__WHAT YOU NEED TO DO__: For the data below, transcribe the part that opens with the line containing "Křeslo je vyplněno" and closes with the line containing "2024年4月2日中午,南华", exactly and with no pictures.

Segment Start: GIVEN INFORMATION

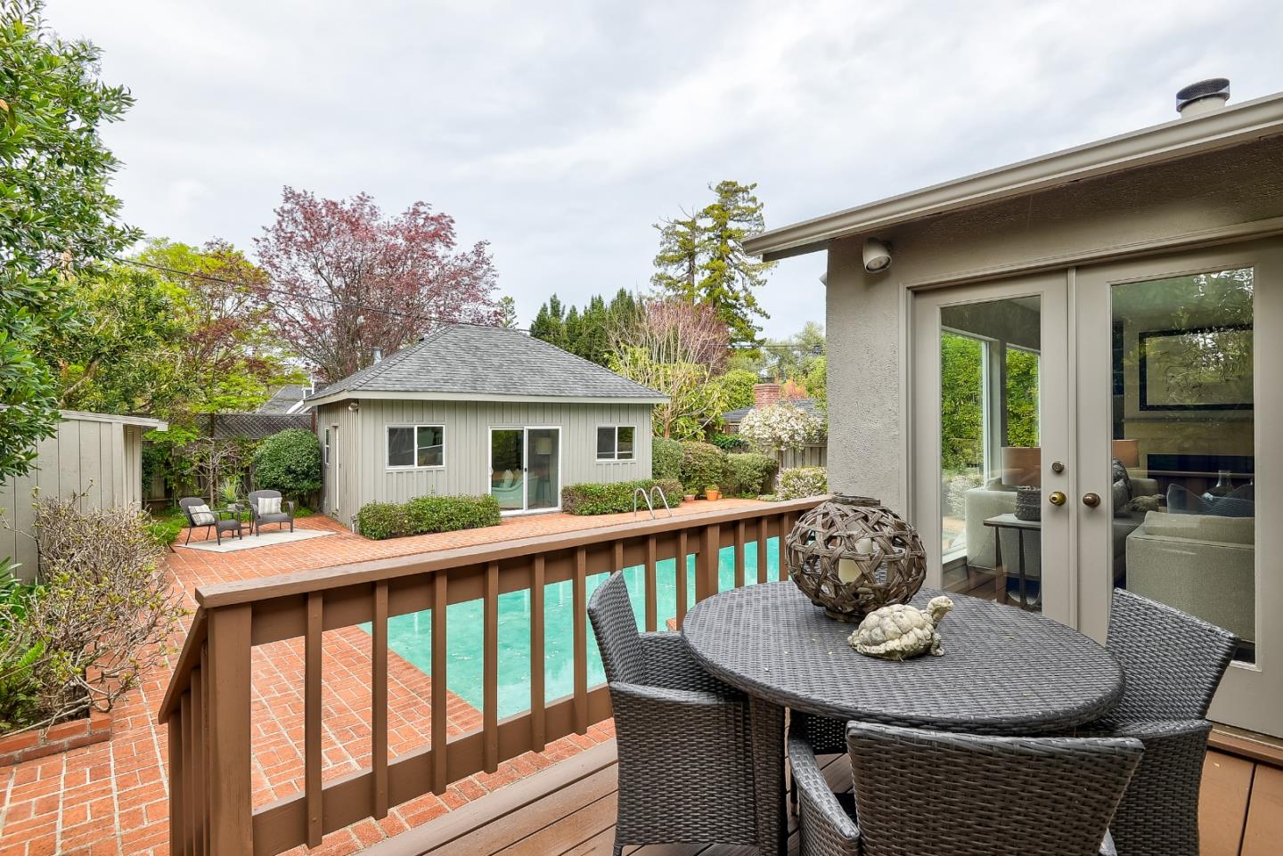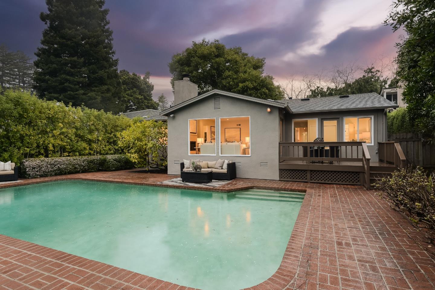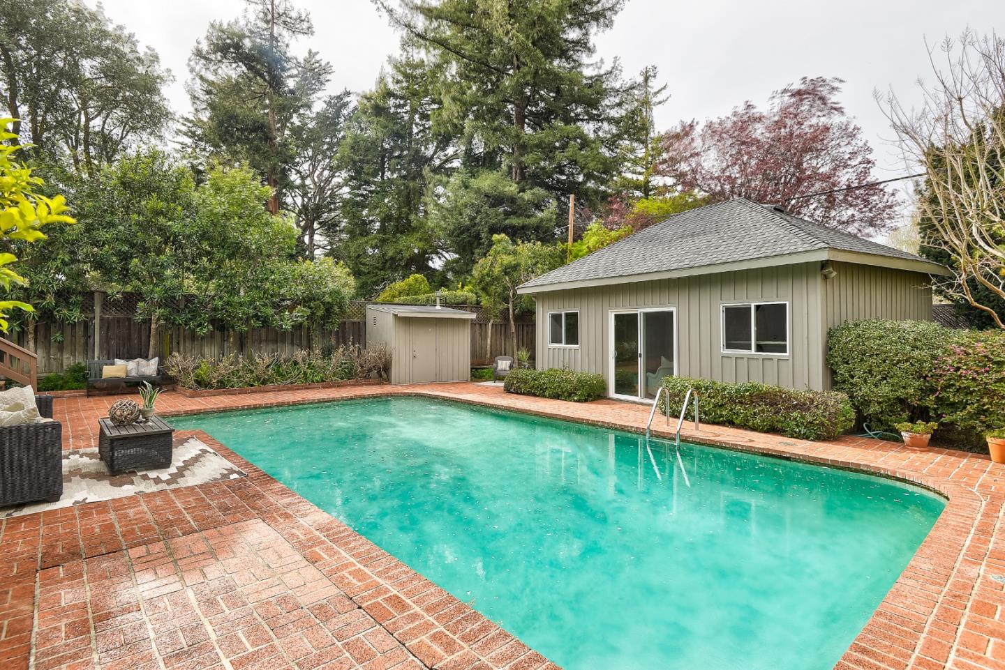 Secluded garden gem on a sought-after street in the highly coveted San Mateo Park neighborhood with outstanding opportunity to transform into your dream home. Freshly painted interiors, hardwood floors in some rooms, traditional living room and formal dining room, plus sky-lit updated kitchen and family room combination. The single-level floor plan has 3 bedrooms and 2 baths, including primary suite, plus pool house with 1 bedroom, 1 bath (buyer to verify permitting). Very private rear yard with central pool surrounded in brick plus perimeter foliage for added privacy. Close-in location an easy stroll to Burlingame Ave and also close to downtown San Mateo. This home is ready to unlock its full potential.
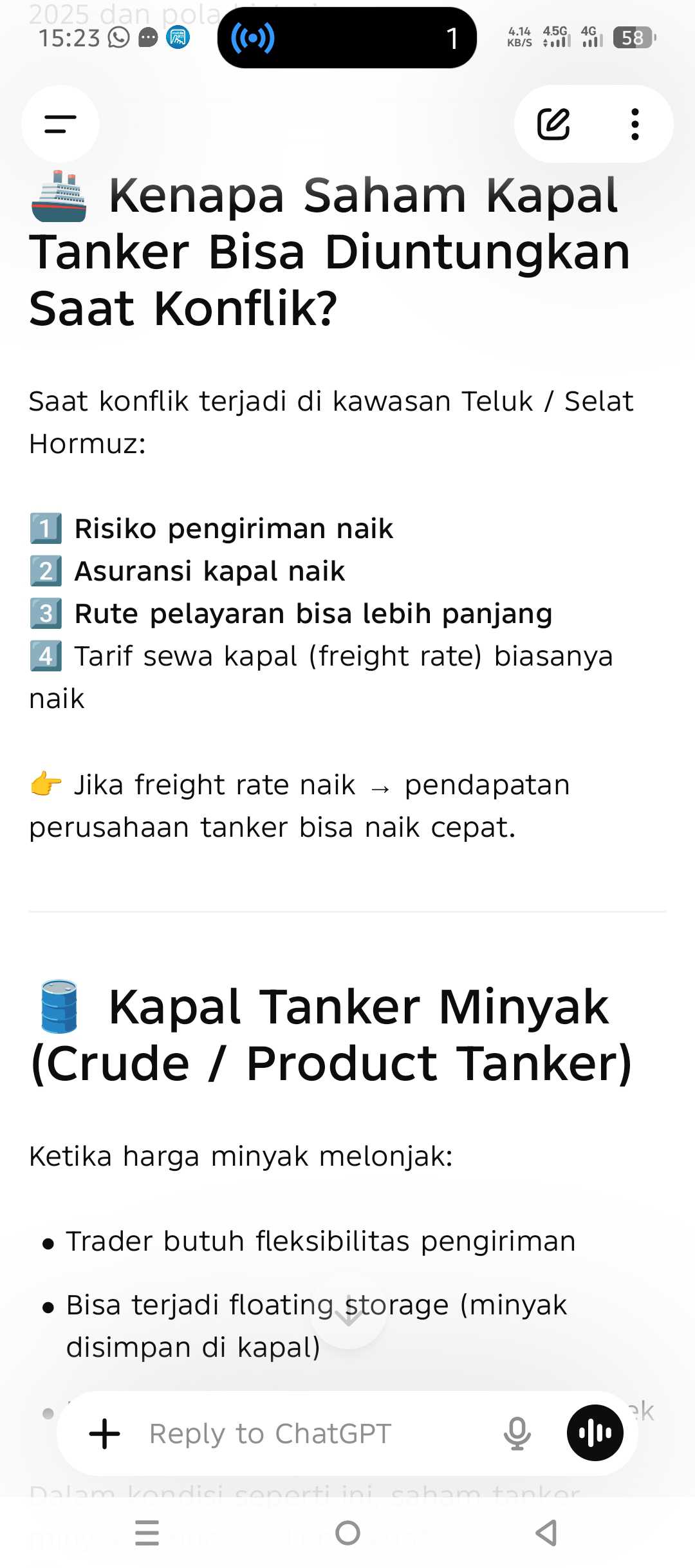 @yusiyulianda TAKUTNYA, kalo saat ini, pihak logistik & delivery justru bad news.. karna kapal harus mutar lebih jauh dari durasi perjalanan biasanya. itu slh 1 dampak war iran... misal $HUMI $BULL $GTSI semoga aja tdk terjadi...
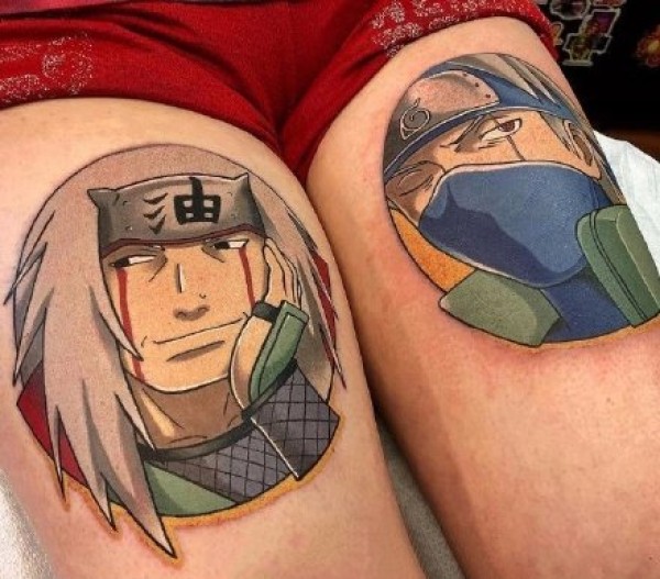 手臂上的火影忍者鸣人佐助卡卡西等角色动漫纹身图案
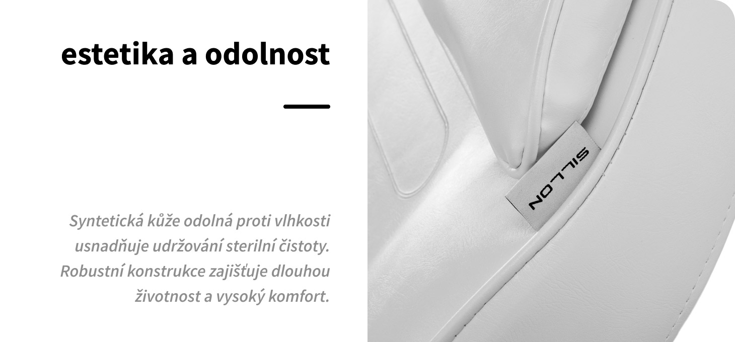 Křeslo je vyplněno pěnou s odpovídající tvrdostí a potaženo syntetickou kůží v odstínech bílé. Materiál se vyznačuje odolností proti vlhkosti a snadnou údržbou, což přispívá k udržení vysoké úrovně hygieny. Profilované prošívání dodává sedáku ergonomický tvar a pevná konstrukce zajišťuje stabilitu a odolnost. Díky minimalistickému tvaru a světlým barvám se tento model harmonicky hodí jak do moderních, tak i do klasických interiérů kosmetických salonů a lázní.
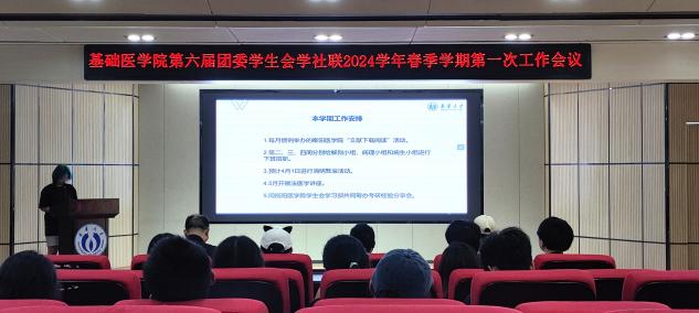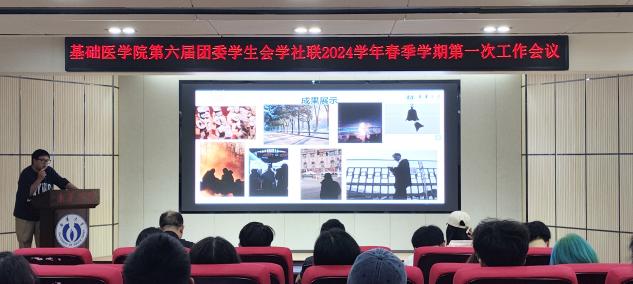 2024年4月2日中午,南华大学基础医学院第六届团委学生会学社联第一次例会在医研楼学术报告厅顺利召开。基础医学院党委副书记卢清华、学生工作办负责人李翼、团委书记廖敏出席本次会议,共72名团委学生会学社联干部参加。会议由学生会执行主席胥黎主持。
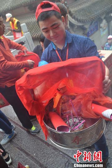 图为妈祖信众恭捧着自己供奉的妈祖像“回娘家”妈祖祖庙进香。 林群华 摄

Segment End: GIVEN INFORMATION

__SOLUTION FOR THIS TASK__:
 Křeslo je vyplněno pěnou s odpovídající tvrdostí a potaženo syntetickou kůží v odstínech bílé. Materiál se vyznačuje odolností proti vlhkosti a snadnou údržbou, což přispívá k udržení vysoké úrovně hygieny. Profilované prošívání dodává sedáku ergonomický tvar a pevná konstrukce zajišťuje stabilitu a odolnost. Díky minimalistickému tvaru a světlým barvám se tento model harmonicky hodí jak do moderních, tak i do klasických interiérů kosmetických salonů a lázní.
 2024年4月2日中午,南华大学基础医学院第六届团委学生会学社联第一次例会在医研楼学术报告厅顺利召开。基础医学院党委副书记卢清华、学生工作办负责人李翼、团委书记廖敏出席本次会议,共72名团委学生会学社联干部参加。会议由学生会执行主席胥黎主持。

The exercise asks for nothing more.